Firewall log
-
This is filling up my firewall log. I can make it stop by unchecking block private networks under interfaces but is it a bad idea to uncheck this? BTW the ip in the log is the 1st hop on the ISP network after my Cable modem and pfSense. Node maybe?
I also tried to make a block rule that would take care of this but was unable to make it work. -
I have the same thing in my log. It didn't occur to me that I would actually be able to find out where this device is with the IP, until you mentioned trace route. So I did one and came up with that internal 10 net IP that I was seeing in my log.
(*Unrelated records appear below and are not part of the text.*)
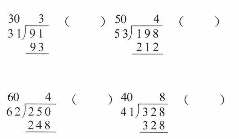 2. 根据试商的情况,快速说出准确商,填在( )里。
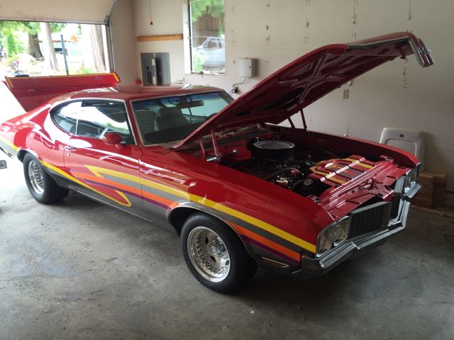 Met a new car today, a Porsche Guards Red '70 442 with 25+ year old Graphics, Center Lines, and a thumpin' Mondello-style 455 backed by a Tremec 5 speed and Ford 9" rear. Painted red with graphics under the hood, too. Well, except the inner fenders, they're not painted. They were already red, (how convenient).
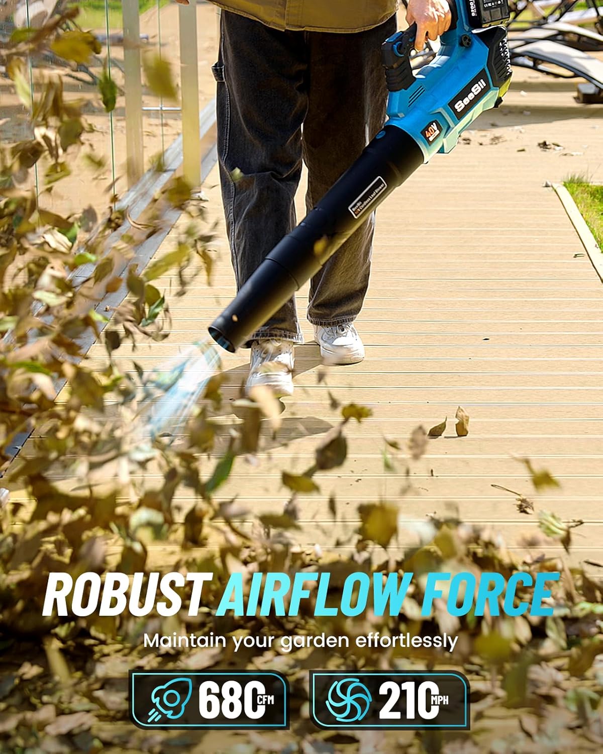 - Powerful Airflow for Efficient Clearing: SEESII 40V leaf blower cordless is designed with up to 680 CFM and wind speeds of 210 MPH, the powerful airflow easily blows away heavy wet leaves, clears debris and dust from lawns, and even sweeps away small stones, making it ideal for tackling a wide range of outdoor cleaning tasks.
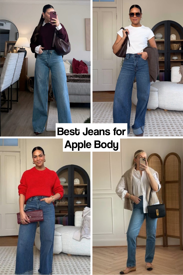 Apple-shaped bodies have more volume in the midsection and slimmer legs. Jeans should sit comfortably at the waist, create a long leg line, and avoid adding bulk to the torso. High-rise straight-leg or wide-leg jeans in dark, clean washes work best, and a slight stretch (2–3% elastane) ensures comfort while flattering the body. Avoid low-rise jeans that dig into the belly, rigid denim, and overly tapered styles that make proportions top-heavy. Stretchy denim moves with the body, preventing gaps and creating a sleek appearance throughout the day.
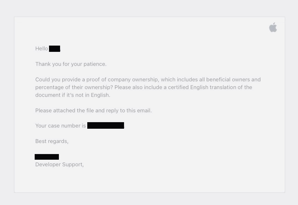Письмо от Apple с просьбой подтвердить деятельность компании
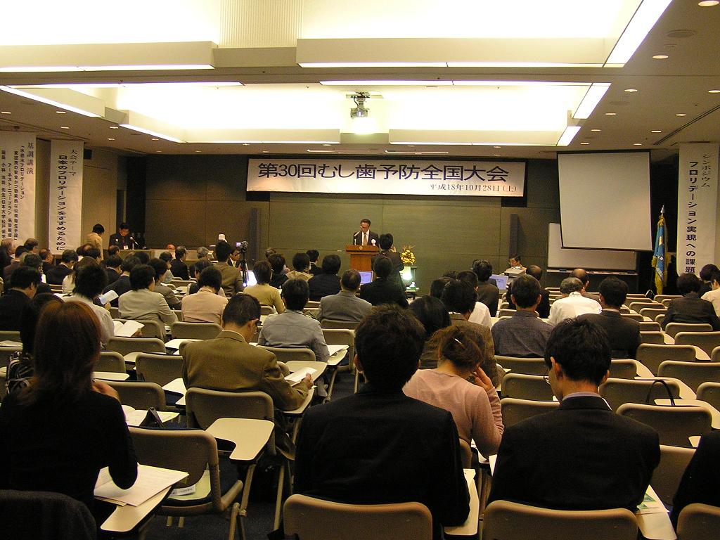 | 2006年(平成18年)10月28日(土)、東京水道橋、血脇記念ホールにて、上記大会が開催されました。以下、大会の様子を簡単に記載いたします。翌29日(日)NPO法人日F会議総会終了後、講師のニューブラン先生を助言者に、「フロリデーション研修会」が同ホールで開催されました。 むし歯予防全国大会は、取材もあり歯科系新聞に掲載されました。この頁末に内容を記載しております。 この大会のまとめは、田浦先生の報告に、詳細が載せてあります。 日時:2006年10月28日(土曜日) 13:00〜17:30 場所:血脇記念ホール 東京都千代田区三崎町2-9-1 東京歯科大学水道橋病院2階 主催:NPO法人日本むし歯予防フッ素推進会議(略称 NPO日F会議) 後援:日本歯科医師会、8020推進財団、日本学校歯科医会、日本歯科衛生士会、日本口腔衛生学会 協賛:日本歯磨工業会 ![]() 13:00〜 第30回記念式典 スナップ写真(式典〜懇親会)
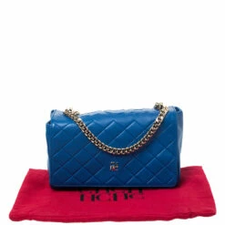 This Carolina Herrera bag is nothing but an example of pure elegance. The bag is crafted from blue quilted leather and the fabric-lined interior lends shape and offers ample space for your belongings. The bag is held by a chain-link and flaunts the brand logo on the front.
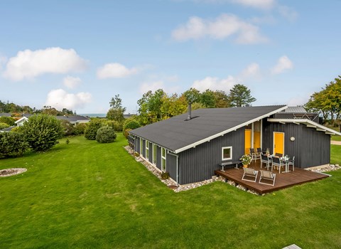 The classic-style interior with wood-paneled walls and plenty of space for joint activities creates a cozy feel-good atmosphere in the bright rooms of this house. Enjoy meals together with a view of the garden through large panoramic windows and relax to the fullest with your loved ones. Nothing is nicer after a wonderful day at the beach than a sauna session. In the evening, make yourself comfortable on the inviting sofa, play games, watch a movie or chat late into the evening by the cozy crackling fireplace.
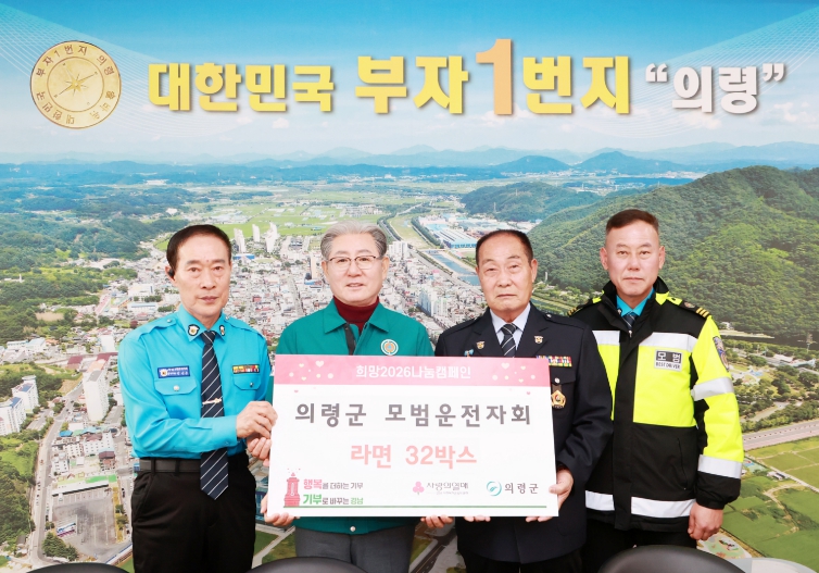 [무한뉴스=최진수 기자] 의령군은 지난 30일, 연말 이웃돕기를 위해 의령군 모범운전자회가 라면 32박스(100만 원 상당)를 기탁했다고 밝혔다.
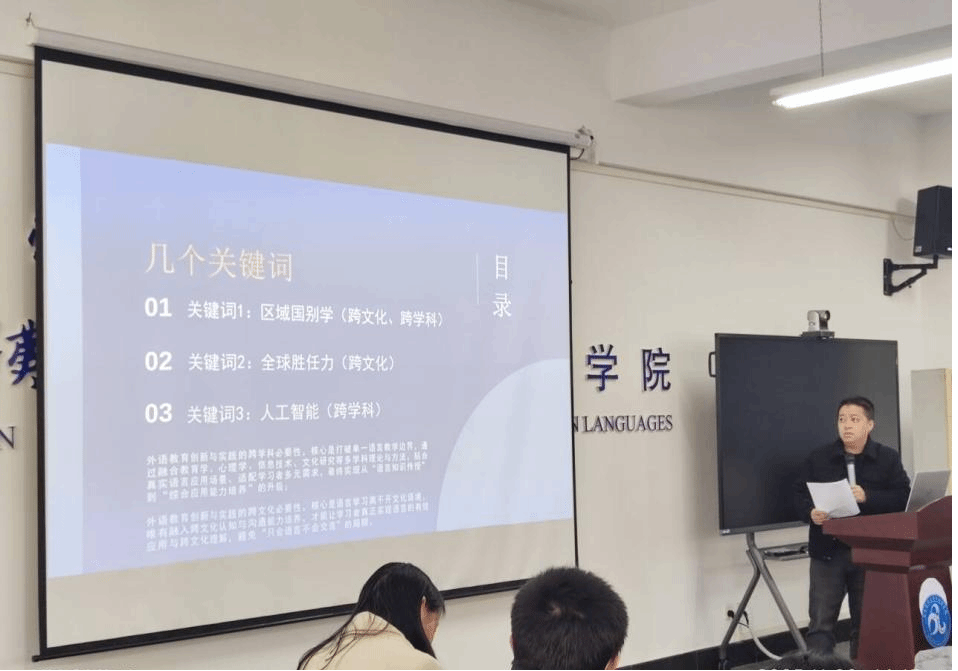 谢易将自己参加的广东外语外贸大学举办的“服务国家重大战略的外语教育创新与实践”学术会议的有关内容给老师们进行了汇报。他介绍本次会议的主要内容是紧扣国家战略需求,围绕区域国别学、全球胜任力、人工智能三大关键方向。他指出本次会议上全国高校外语教育领域专家学者、教育机构代表齐聚一堂,认为新时代外语教育需打破单一语言教学壁垒,通过“外语+数据科学”“外语+国际传播”等跨学科融合路径,培养兼具跨文化沟通能力、专业复合素养与技术应用能力的全球治理人才。谢易还说,该会议还就智慧课程平台搭建、VR 虚拟仿真实践教学、跨国联合培养机制等创新举措进行交流,提出以AI技术赋能个性化学习、以产学研协同完善实践体系,为推动外语教育从“知识传授”向“能力培养”转型、服务国家对外开放与全球治理人才储备提供了切实可行的实践方案。
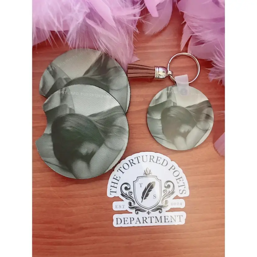 2 car coasters, 1 double sided keychain, 1 laptop sticker
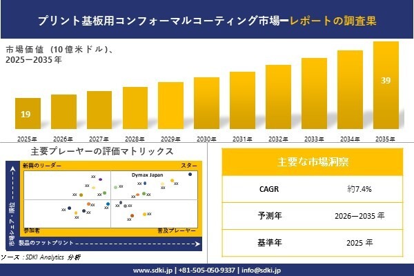 プリント基板用コンフォーマルコーティングに関する詳細な市場調査報告書は以下のリンクから入手できます: https://www.sdki.jp/reports/conformal-coating-for-pcbs-market/590642205

Looks to be the cable modem NATing.
You can most likely disregard it.
traceroute to google.com (173.194.64.106), 30 hops max, 60 byte packets
1 192.168.1.1 (192.168.1.1) 0.158 ms 0.196 ms 0.241 ms
2 10.52.160.1 (10.52.160.1) 8.657 ms 9.586 ms 9.689 ms
3 ip68-2-2-33.ph.ph.cox.net (68.2.2.33) 9.716 ms 9.740 ms 9.764 ms
4 70.169.73.43 (70.169.73.43) 10.495 ms 14.362 ms 14.389 ms
5 chnddsrj01-ae2.0.rd.ph.cox.net (70.169.76.229) 13.244 ms 14.227 ms *
6 langbprj02-ae2.rd.la.cox.net (68.1.1.19) 25.098 ms 22.814 ms 21.742 ms
7 209.85.248.185 (209.85.248.185) 22.691 ms 20.493 ms 26.046 ms
8 64.233.174.186 (64.233.174.186) 25.983 ms 64.233.174.192 (64.233.174.192) 26.134 ms 64.233.174.186 (64.233.174.186) 25.001 ms
9 64.233.174.143 (64.233.174.143) 60.294 ms 64.233.174.141 (64.233.174.141) 59.271 ms 64.233.174.143 (64.233.174.143) 60.206 ms
10 216.239.47.121 (216.239.47.121) 79.740 ms 209.85.243.178 (209.85.243.178) 72.758 ms *
11 * 216.239.46.61 (216.239.46.61) 66.870 ms 216.239.46.63 (216.239.46.63) 64.176 ms
12 * * *
13 173.194.64.106 (173.194.64.106) 69.216 ms 69.130 ms 69.080 ms -
10.168.0.1:67 (10.52.160.1) is a device, one up in your WAN that broadcast DHCP (255.255.255.255:68) requests.
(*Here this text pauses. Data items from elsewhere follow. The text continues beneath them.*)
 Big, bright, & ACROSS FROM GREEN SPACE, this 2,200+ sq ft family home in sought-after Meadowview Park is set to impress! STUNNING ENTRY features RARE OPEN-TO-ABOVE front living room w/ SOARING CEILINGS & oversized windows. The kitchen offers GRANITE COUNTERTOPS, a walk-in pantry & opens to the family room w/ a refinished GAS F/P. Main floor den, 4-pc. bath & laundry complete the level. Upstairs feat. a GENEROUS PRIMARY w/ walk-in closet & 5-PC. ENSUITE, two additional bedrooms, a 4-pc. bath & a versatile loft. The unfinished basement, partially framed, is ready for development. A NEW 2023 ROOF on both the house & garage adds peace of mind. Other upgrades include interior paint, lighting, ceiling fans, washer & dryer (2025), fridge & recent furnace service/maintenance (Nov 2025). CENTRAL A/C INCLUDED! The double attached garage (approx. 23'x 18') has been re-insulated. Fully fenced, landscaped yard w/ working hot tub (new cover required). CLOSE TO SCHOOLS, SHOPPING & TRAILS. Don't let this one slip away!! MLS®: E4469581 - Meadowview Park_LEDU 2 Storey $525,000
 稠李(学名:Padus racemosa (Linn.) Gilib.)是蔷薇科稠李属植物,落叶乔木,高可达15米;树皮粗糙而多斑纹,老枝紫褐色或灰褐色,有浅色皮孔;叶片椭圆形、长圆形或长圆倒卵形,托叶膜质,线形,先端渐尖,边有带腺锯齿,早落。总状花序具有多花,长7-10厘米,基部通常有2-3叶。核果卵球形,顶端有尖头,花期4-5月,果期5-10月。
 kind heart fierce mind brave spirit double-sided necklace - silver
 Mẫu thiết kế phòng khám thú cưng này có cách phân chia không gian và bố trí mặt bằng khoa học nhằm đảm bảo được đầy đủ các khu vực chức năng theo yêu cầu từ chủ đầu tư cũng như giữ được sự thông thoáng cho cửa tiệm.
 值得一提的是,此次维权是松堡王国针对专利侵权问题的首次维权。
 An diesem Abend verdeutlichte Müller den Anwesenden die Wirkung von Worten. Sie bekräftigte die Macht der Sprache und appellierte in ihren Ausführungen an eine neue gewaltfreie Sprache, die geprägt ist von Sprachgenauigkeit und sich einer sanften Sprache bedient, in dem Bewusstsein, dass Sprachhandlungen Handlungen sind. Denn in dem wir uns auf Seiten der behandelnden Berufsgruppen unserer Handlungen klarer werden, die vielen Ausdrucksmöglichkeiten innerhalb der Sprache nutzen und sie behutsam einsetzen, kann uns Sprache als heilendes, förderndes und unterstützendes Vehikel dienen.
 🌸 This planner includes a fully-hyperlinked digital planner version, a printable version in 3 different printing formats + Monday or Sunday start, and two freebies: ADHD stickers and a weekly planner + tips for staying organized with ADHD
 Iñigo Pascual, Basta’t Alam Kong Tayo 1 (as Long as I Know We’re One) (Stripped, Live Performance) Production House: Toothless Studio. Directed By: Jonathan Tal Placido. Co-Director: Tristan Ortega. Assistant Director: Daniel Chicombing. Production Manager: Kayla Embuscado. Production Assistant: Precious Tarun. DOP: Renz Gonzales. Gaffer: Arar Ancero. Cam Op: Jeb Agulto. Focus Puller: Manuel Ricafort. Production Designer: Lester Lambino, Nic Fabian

If this device is your modem (pppoe device, or whatever you use to connect yourself to the wall outlet of your ISP), hook a PC to it directly, see if it has a IP on his "LAN" side, connect yourself to the web interface (or telnet, or SSH), and tell it to shut up (give it a static IP).
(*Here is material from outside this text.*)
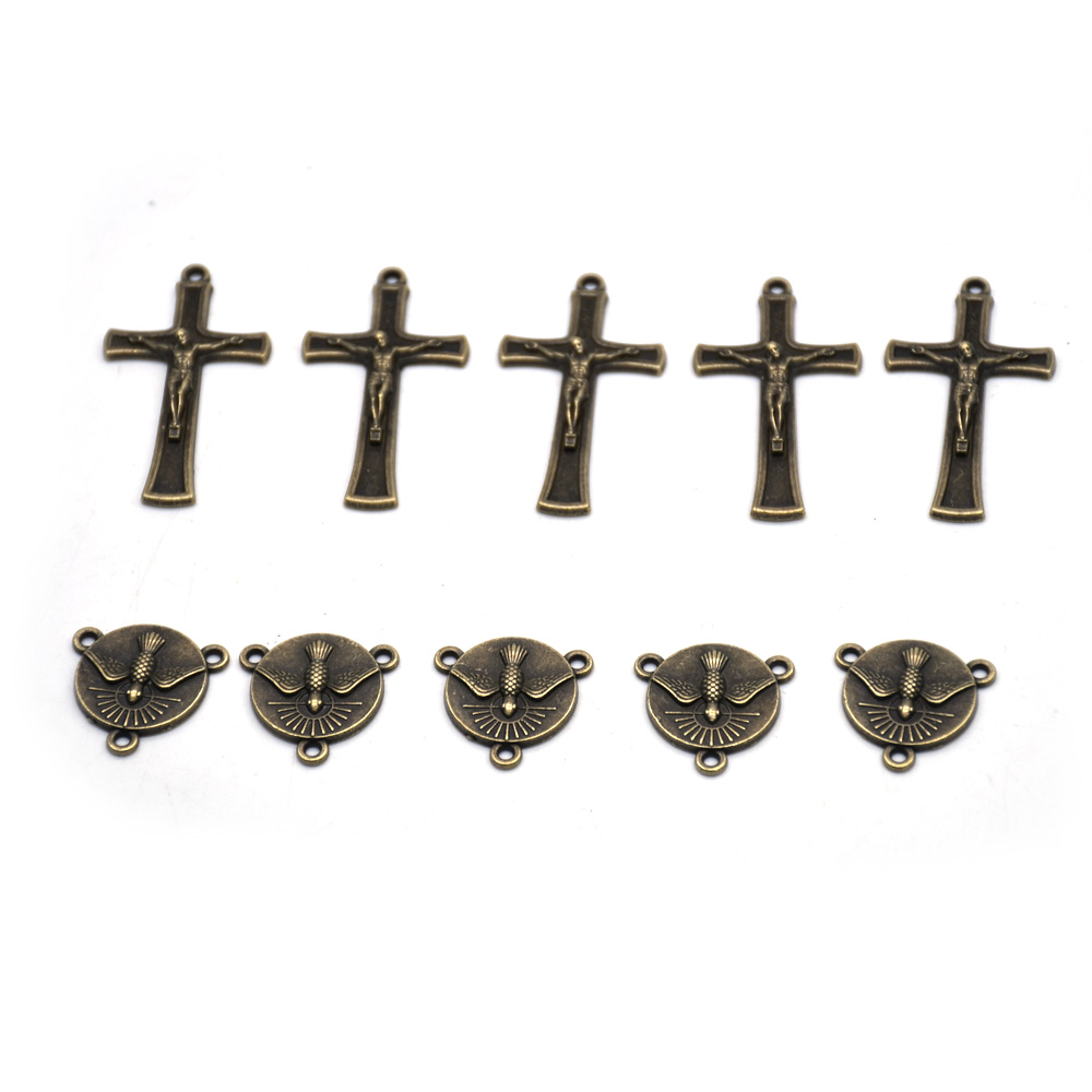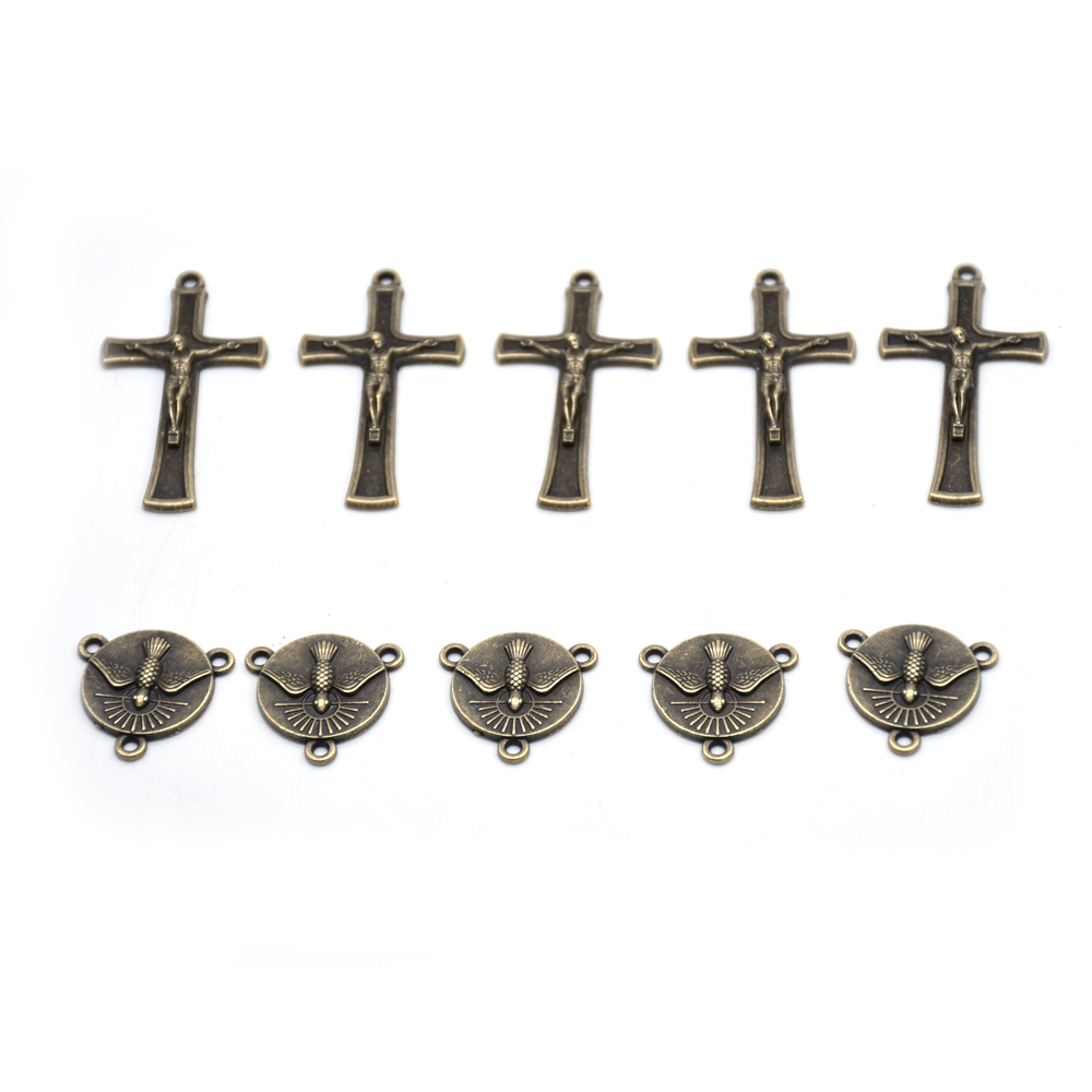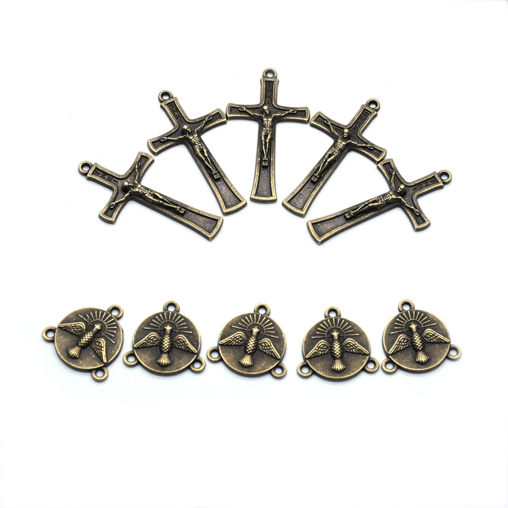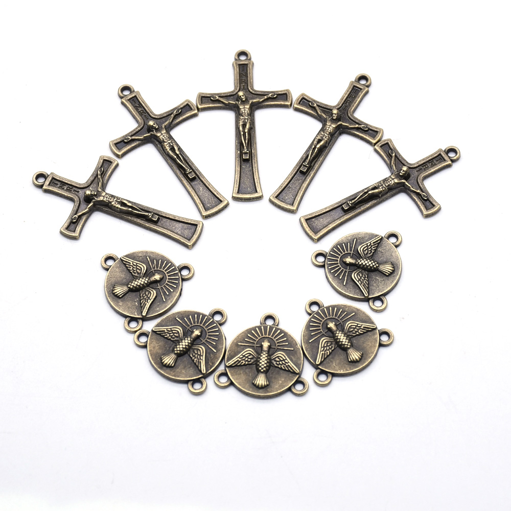 (10個/包)古青銅金屬合平鴿吊墜十字架三角牌念珠項(xiàng)鏈配件

If the device can't be administred by you, a firewell rule on the WAN interface CAN block DHCP requests.
Block ports 67 and 67, protocol UDP, from any source. -
"I also tried to make a block rule that would take care of this but was unable to make it work."
And what rule was that, there are quite a few ways to right a rule not to log that traffic. For example anything to port 68, or anything from port 67, or if you want to be specific anything from that 10 IP port 67 to 68
etc.. etc..
I just not seeing how you could of messed up writing a rule not to log that traffic?
Currently my pfsense box is not the dhcp server, and I didn't want to see the dhcp traffic on my lan in the logs.. So I wrote a sim rule not to see traffic to 67..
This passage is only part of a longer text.